## RECORDS PROVIDED
- - -

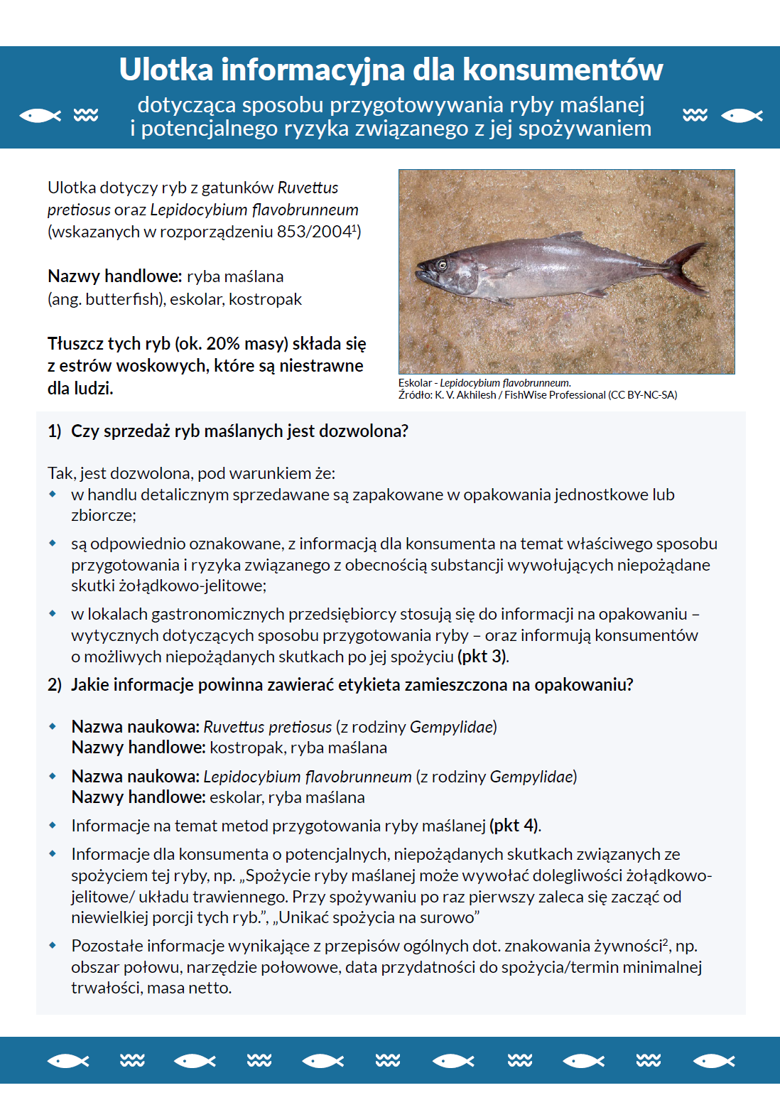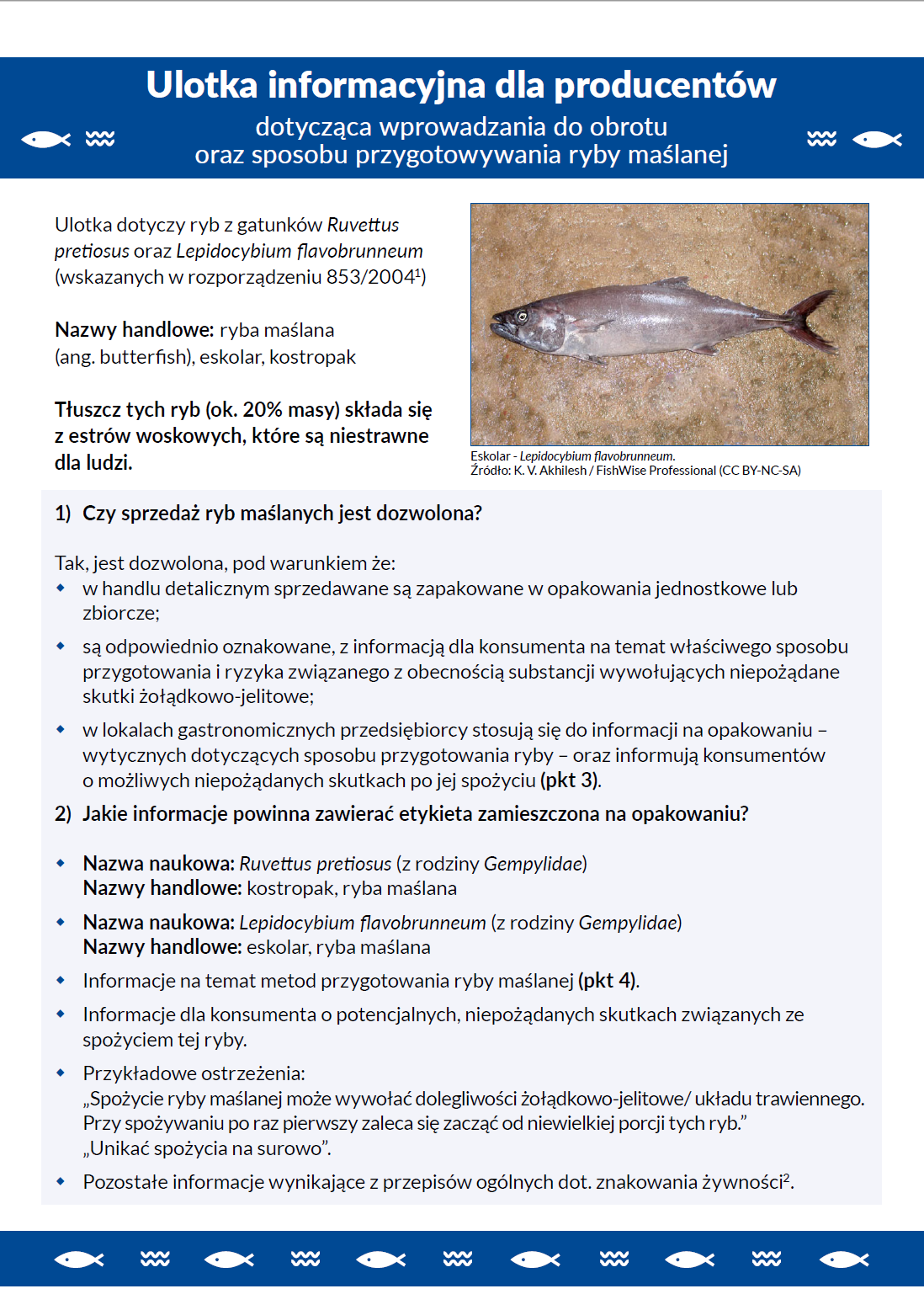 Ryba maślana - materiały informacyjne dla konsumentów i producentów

- - -

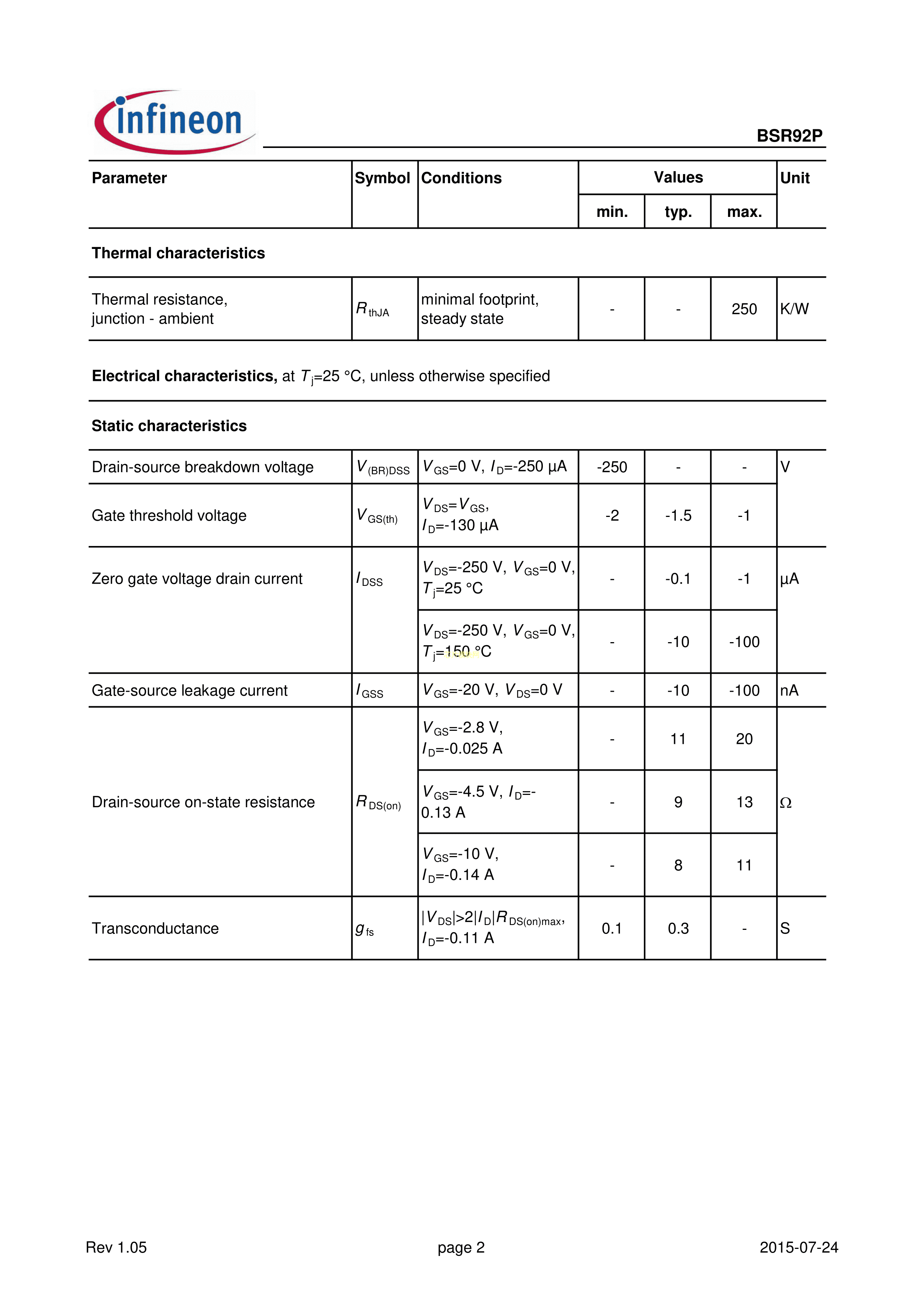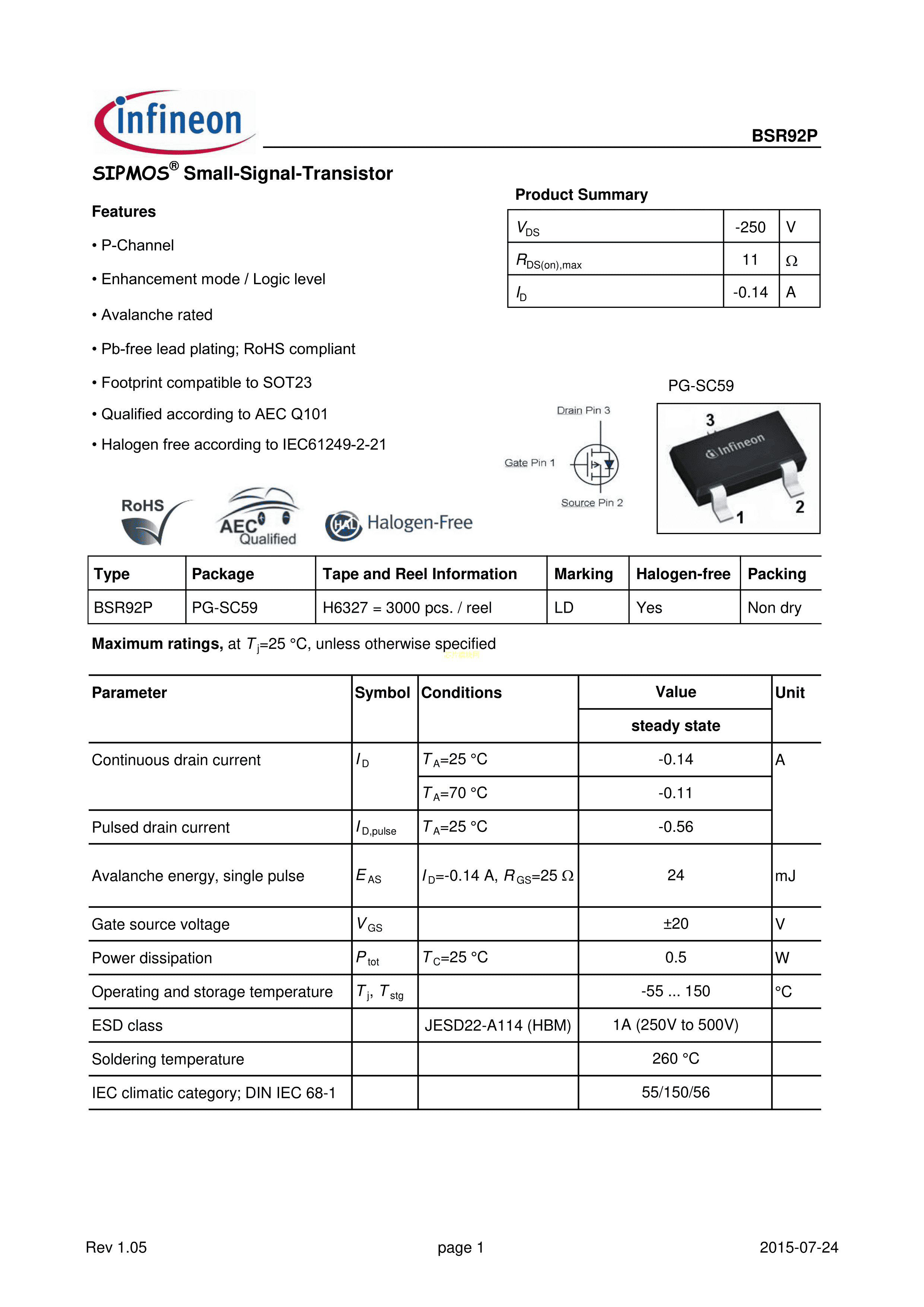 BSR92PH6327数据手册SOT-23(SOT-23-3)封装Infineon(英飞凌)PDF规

- - -

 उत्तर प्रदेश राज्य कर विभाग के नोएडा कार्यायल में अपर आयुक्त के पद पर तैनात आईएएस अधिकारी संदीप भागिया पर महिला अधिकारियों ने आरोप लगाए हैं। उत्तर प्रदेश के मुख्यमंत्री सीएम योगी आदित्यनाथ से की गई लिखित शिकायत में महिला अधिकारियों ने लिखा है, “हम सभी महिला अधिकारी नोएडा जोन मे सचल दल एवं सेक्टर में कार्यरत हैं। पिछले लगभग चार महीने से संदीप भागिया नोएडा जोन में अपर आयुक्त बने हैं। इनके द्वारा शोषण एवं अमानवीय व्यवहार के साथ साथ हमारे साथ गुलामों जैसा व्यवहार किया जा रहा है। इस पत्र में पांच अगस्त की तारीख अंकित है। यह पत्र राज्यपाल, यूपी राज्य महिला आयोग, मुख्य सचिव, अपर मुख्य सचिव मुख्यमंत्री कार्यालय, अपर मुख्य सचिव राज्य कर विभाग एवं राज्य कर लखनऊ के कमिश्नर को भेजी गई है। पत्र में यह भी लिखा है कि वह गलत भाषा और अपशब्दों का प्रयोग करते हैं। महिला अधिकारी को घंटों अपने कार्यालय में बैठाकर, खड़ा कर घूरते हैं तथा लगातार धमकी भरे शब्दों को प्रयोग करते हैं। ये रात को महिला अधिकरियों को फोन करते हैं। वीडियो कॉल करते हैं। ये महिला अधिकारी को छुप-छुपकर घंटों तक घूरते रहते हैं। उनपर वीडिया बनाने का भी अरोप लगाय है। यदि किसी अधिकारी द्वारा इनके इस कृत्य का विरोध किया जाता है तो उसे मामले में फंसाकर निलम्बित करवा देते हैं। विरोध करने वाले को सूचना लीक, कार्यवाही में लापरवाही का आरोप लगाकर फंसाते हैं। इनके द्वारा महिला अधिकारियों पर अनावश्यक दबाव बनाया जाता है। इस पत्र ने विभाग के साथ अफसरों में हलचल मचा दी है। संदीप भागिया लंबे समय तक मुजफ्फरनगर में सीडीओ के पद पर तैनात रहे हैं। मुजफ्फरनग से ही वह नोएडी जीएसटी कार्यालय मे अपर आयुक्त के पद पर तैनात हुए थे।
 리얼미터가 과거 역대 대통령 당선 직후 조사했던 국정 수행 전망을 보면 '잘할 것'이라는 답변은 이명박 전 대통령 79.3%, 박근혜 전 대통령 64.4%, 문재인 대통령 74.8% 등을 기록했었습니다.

- - -

## ABOUT THIS TASK
Using the records above, copy word for word the line with "उत्तर प्रदेश राज्य", the line with "리얼미터가 과거 역대", and every line between them.

## OUTPUT BELOW
 उत्तर प्रदेश राज्य कर विभाग के नोएडा कार्यायल में अपर आयुक्त के पद पर तैनात आईएएस अधिकारी संदीप भागिया पर महिला अधिकारियों ने आरोप लगाए हैं। उत्तर प्रदेश के मुख्यमंत्री सीएम योगी आदित्यनाथ से की गई लिखित शिकायत में महिला अधिकारियों ने लिखा है, “हम सभी महिला अधिकारी नोएडा जोन मे सचल दल एवं सेक्टर में कार्यरत हैं। पिछले लगभग चार महीने से संदीप भागिया नोएडा जोन में अपर आयुक्त बने हैं। इनके द्वारा शोषण एवं अमानवीय व्यवहार के साथ साथ हमारे साथ गुलामों जैसा व्यवहार किया जा रहा है। इस पत्र में पांच अगस्त की तारीख अंकित है। यह पत्र राज्यपाल, यूपी राज्य महिला आयोग, मुख्य सचिव, अपर मुख्य सचिव मुख्यमंत्री कार्यालय, अपर मुख्य सचिव राज्य कर विभाग एवं राज्य कर लखनऊ के कमिश्नर को भेजी गई है। पत्र में यह भी लिखा है कि वह गलत भाषा और अपशब्दों का प्रयोग करते हैं। महिला अधिकारी को घंटों अपने कार्यालय में बैठाकर, खड़ा कर घूरते हैं तथा लगातार धमकी भरे शब्दों को प्रयोग करते हैं। ये रात को महिला अधिकरियों को फोन करते हैं। वीडियो कॉल करते हैं। ये महिला अधिकारी को छुप-छुपकर घंटों तक घूरते रहते हैं। उनपर वीडिया बनाने का भी अरोप लगाय है। यदि किसी अधिकारी द्वारा इनके इस कृत्य का विरोध किया जाता है तो उसे मामले में फंसाकर निलम्बित करवा देते हैं। विरोध करने वाले को सूचना लीक, कार्यवाही में लापरवाही का आरोप लगाकर फंसाते हैं। इनके द्वारा महिला अधिकारियों पर अनावश्यक दबाव बनाया जाता है। इस पत्र ने विभाग के साथ अफसरों में हलचल मचा दी है। संदीप भागिया लंबे समय तक मुजफ्फरनगर में सीडीओ के पद पर तैनात रहे हैं। मुजफ्फरनग से ही वह नोएडी जीएसटी कार्यालय मे अपर आयुक्त के पद पर तैनात हुए थे।
 리얼미터가 과거 역대 대통령 당선 직후 조사했던 국정 수행 전망을 보면 '잘할 것'이라는 답변은 이명박 전 대통령 79.3%, 박근혜 전 대통령 64.4%, 문재인 대통령 74.8% 등을 기록했었습니다.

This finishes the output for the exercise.